After a bit of thinking I decided that the next step would be to construct a tree structure with frequencies for the different values. This tree is cheap for memory and fast to build.

First I specify a set of "distribution templates" that instruct the frequencies for values or groups of values of each of the properties that will have a desired statistical distribution.

For example, I create a demographics model (simplified here for brevity):

    distribution_templates = \
    {
      'age':
      {
        '18-24': 150,
        '25-34': 206,
        '35-44': 185,
        '45-54': 177,
        '55-64': 175,
        '65+':   106,
      },
      'gender':
      {
        'female':         80,
        'male':           15,
        'other':           3,
        'rather not say':  2,
      },
    }
From this I create at runtime what I refer to as a "combinatorial tree" with calculated target frequencies, and then I distribute a population count over it that is specified at runtime as well. Let's say that we want to generate 10,000,000 sample users. The resulting tree looks like this:

    -- root -- 'all' (10000000) -- age -- '18-24' (1501501) -- gender -- 'female' (1201201)
                                       |                              |- 'male' (225225)
                                       |                              |- 'other' (45045)
                                       |                              `- 'rather not say' (30030)
                                       |- '25-34' (2062062) -- gender -- 'female' (1649650)
                                       |                              |- 'male' (309309)
                                       |                              |- 'other' (61862)
                                       |                              `- 'rather not say' (41241)
                                       |- '35-44' (1851852) -- gender -- 'female' (1481482)
                                       |                              |- 'male' (277778)
                                       |                              |- 'other' (55555)
                                       |                              `- 'rather not say' (37037)
                                       |- '45-54' (1771772) -- gender -- 'female' (1417418)
                                       |                              |- 'male' (265766)
                                       |                              |- 'other' (53153)
                                       |                              `- 'rather not say' (35435)
                                       |- '55-64' (1751752) -- gender -- 'female' (1401402)
                                       |                              |- 'male' (262763)
                                       |                              |- 'other' (52552)
                                       |                              `- 'rather not say' (35035)
                                       `- '65+' (1061061) ---- gender -- 'female' (848849)
                                                                      |- 'male' (159159)
                                                                      |- 'other' (31832)
                                                                      `- 'rather not say' (21221)
In addition to that I have created functions for things like algorithmically generating unique usernames.

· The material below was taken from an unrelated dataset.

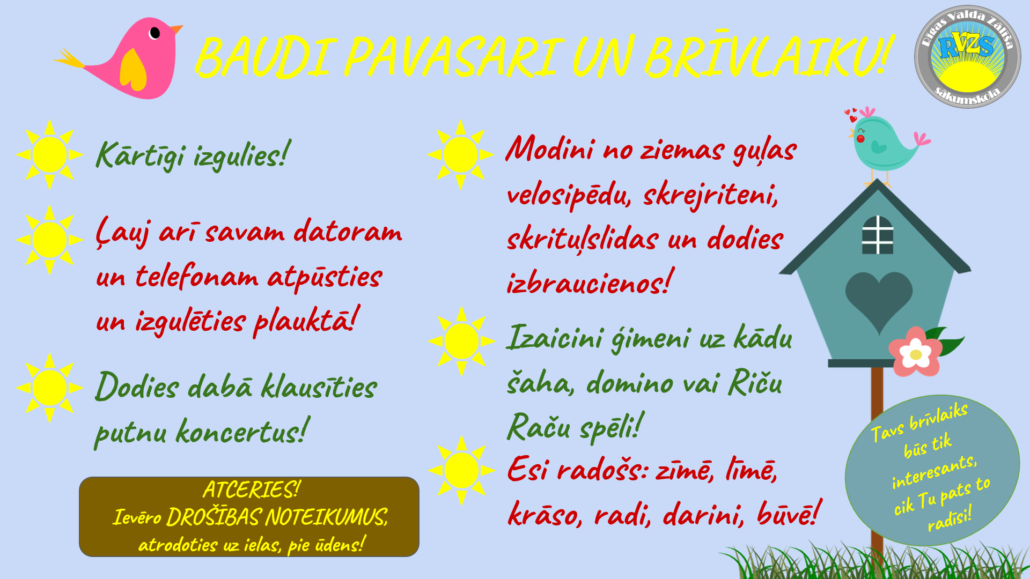 Pavasara brīvlaiks Jaunumi 14/03/2021/by zalisaskola1 https://zalisaskola.lv/wp-content/uploads/2021/03/Pavasara-brīvlaiks.png 1080 1920 zalisaskola1 https://zalisaskola.lv/wp-content/uploads/2020/10/logo4.png zalisaskola12021-03-14 14:15:392021-03-14 14:34:49Pavasara brīvlaiks

Then I have a tree walker that yields all of the combinations represented by the tree. From the tree above we would yield { 'age': '18-24', 'gender': 'female' } a total of 1,201,201 times, { 'age': '18-24', 'gender': 'male' } a total of 225,225 times and so on. (Again, the real tree is deeper than this -- there's more than just age and gender in the actual model. Also, age is specified at a more fine-grained level but the concept is the same.)

I retrieve these values from the generator function in batches and generate sample user profiles based on that.

So within a span like '18-24' I linearly distribute dates of birth by calculating (upper date bound - lower date bound) / count and using that as the delta to step the date of births by within the span starting from the lower date bound. (And of course the more fine-grained your spans are, the lesser the impact of linearly distributing values within each span.)

And I generate additional properties that are pseudo-random like usernames.

The script execution time is presently down to about 6 and a half minutes for generating and copying (using copy instead of insert was another optimization I made to the script along with a few others from https://www.postgresql.org/docs/current/populate.html after meticulously measuring that said optimizations had a significant positive impact on the time it took to put the data into the db), memory usage is very reasonable, and with the most recent commit I made which makes the generated usernames guaranteed to be unique (for up to a set number of generated user above the 10,000,000 I am doing), the stage is set for running the script on as many cores as your computer has to offer, further cutting down the script execution time.

Anyway, now on to how any of this is relevant to your comment.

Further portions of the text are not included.